He was overwhelmed by his love for her. If I had another boy, he thought, I should never love him as I do this daughter of mine.

‘Now,’ he said briskly, ‘a chamberlain, eh, a keeper of the hall, a groom of the bedchamber?’

‘A cook,’ she went on, laughing, her fears dispersed, for if he were giving her a household as he was suggesting he could not be thinking of letting her leave the country. ‘A salterer – yes I must have a salterer.’

‘Indeed you must! What royal household would be complete without one? What a grand household you will have!’

‘Grand enough for a king,’ she said. ‘But then I am the King’s daughter … his eldest daughter. Poor Alfie could be jealous … if he were of a nature to be. But he will just be pleased for me.’

‘Alfonso is a good boy,’ said the King, frowning.

And there was an understanding between them. If Alfonso should die as his brothers had and there was no other boy then she, the Princess Eleanor, would be in a very important position. She would be the heir to the throne.

They continued their walk and discussed the household she would have.

They were both deeply aware of the significance of that.


* * *

The Princess Joanna had sensed that something was wrong. Her grandmother’s eyes were red-rimmed which indicated that she had been weeping. An unheard-of thing. There had been several occasions when she had snatched up young Joanna and had held her tightly against her in a manner which had been most uncomfortable and had aroused indignant protests from the child.
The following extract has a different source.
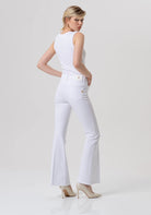 Pant bootcut made in stretch bull denim. Regular waist, 5 pockets and wide bottom leg
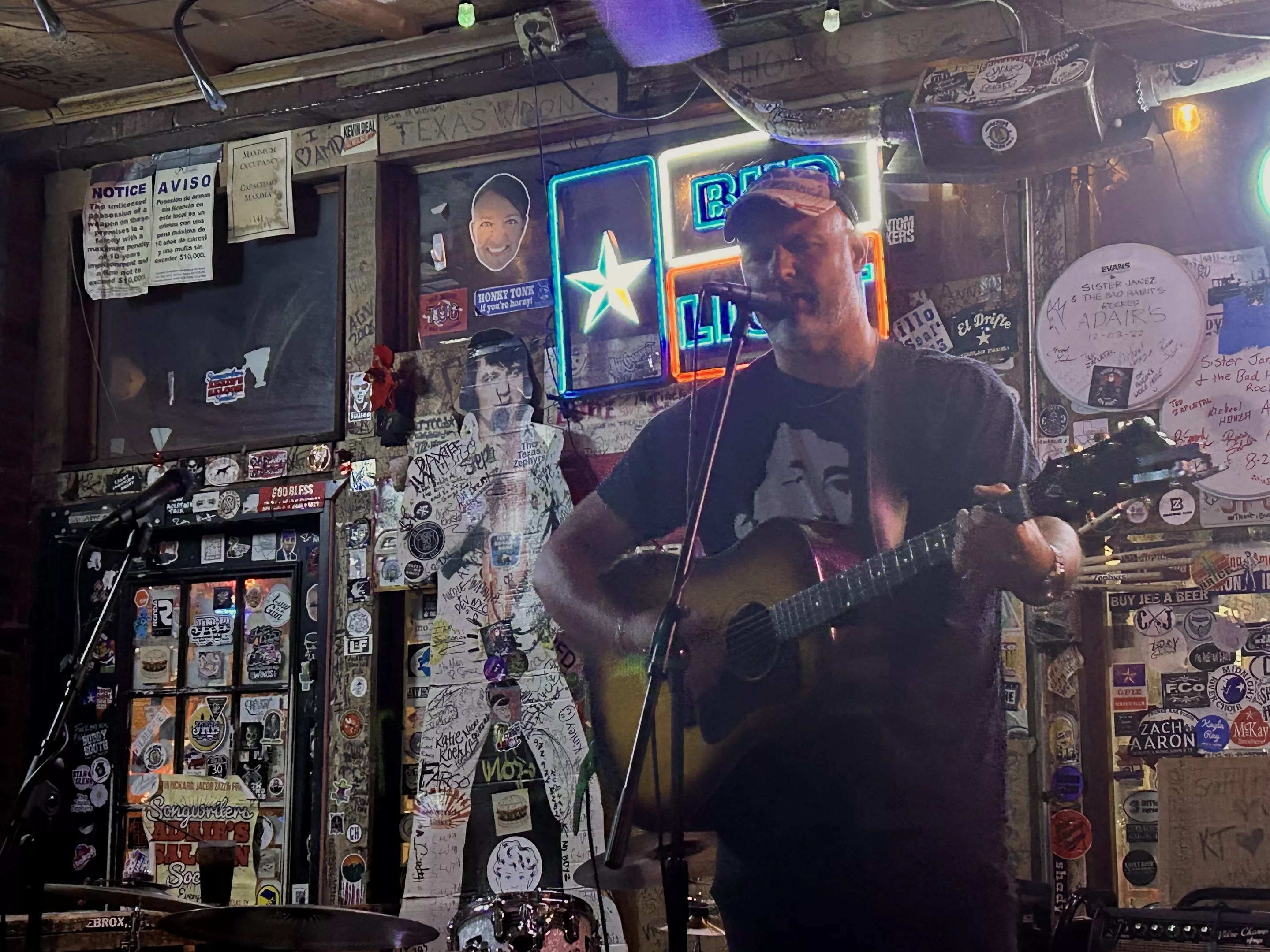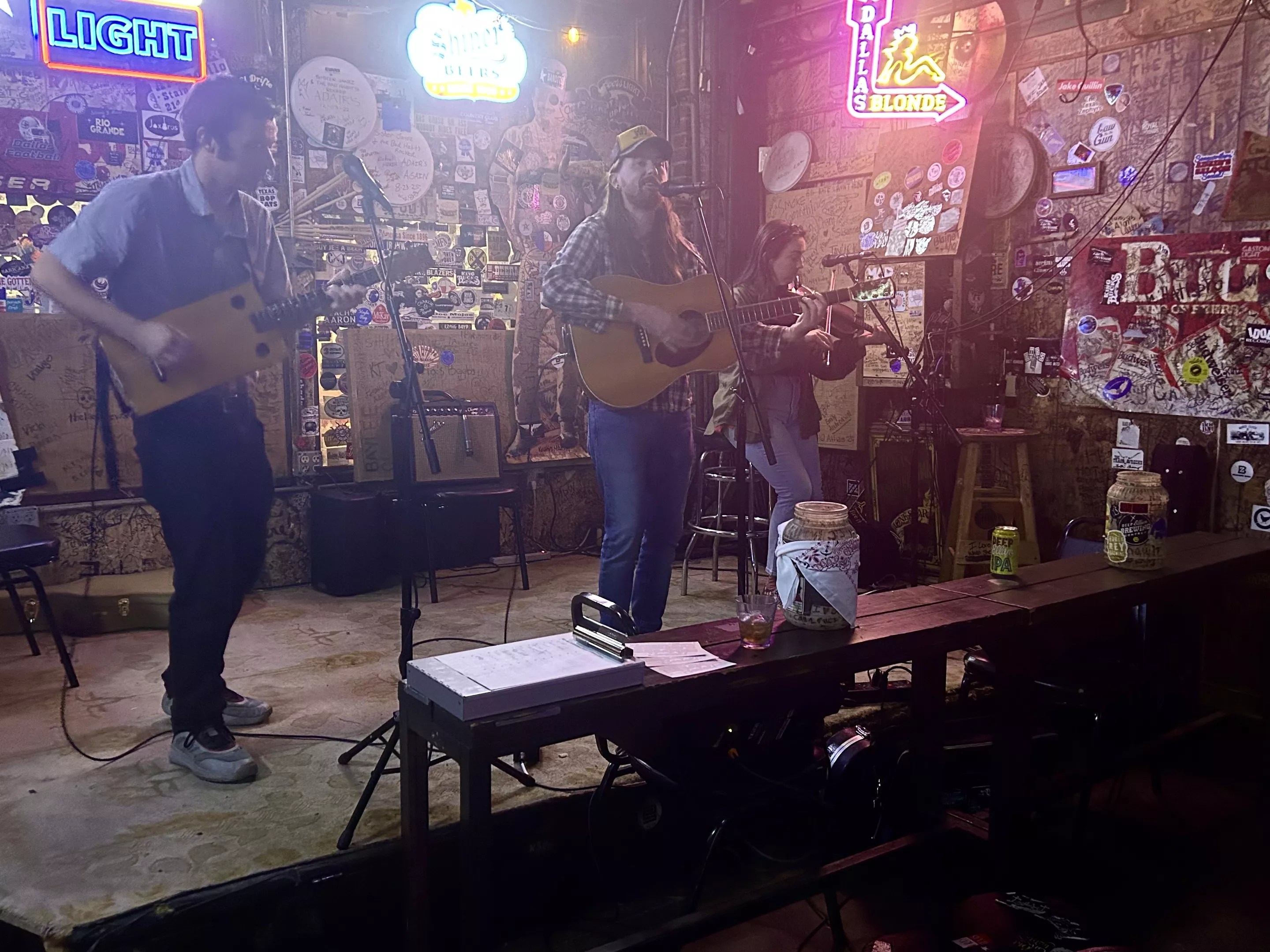 And the momentum hasn’t stopped. On this Tuesday night, it is quiet, and musicians are able to play four to five songs. But on the regular, it is capped at two to three songs due to the popularity of this event, even as it is largely unfamiliar to Dallasites who don’t frequent Deep Ellum. Every act gets applause, including resounding “whoops” from musicians who notice something fresh, as one guitarist plays with two capos at once. It is a safe space for people to try new things. Alice P. Zazz, who plays fiddle with Zazz’s band, recalls forgetting the words to her song a few weeks prior while experimenting with a banjo. “It’s all fun,” she shrugs. “This is a good place to do that.”

‘Oh my darling!’ had been her grandmother’s response.

It was very strange. Precocious seven-year-old Joanna had been born with a fiery and imperious nature and it had quickly become apparent to her that she was a very important person at the Court of Castile. Her grandmother doted on her, which gave her a sense of her own importance, and since the Dowager Queen was constantly thanking Heaven for little Joanna it could not be anything but exhilarating to consider oneself as a gift from Heaven for whom everyone had to be grateful.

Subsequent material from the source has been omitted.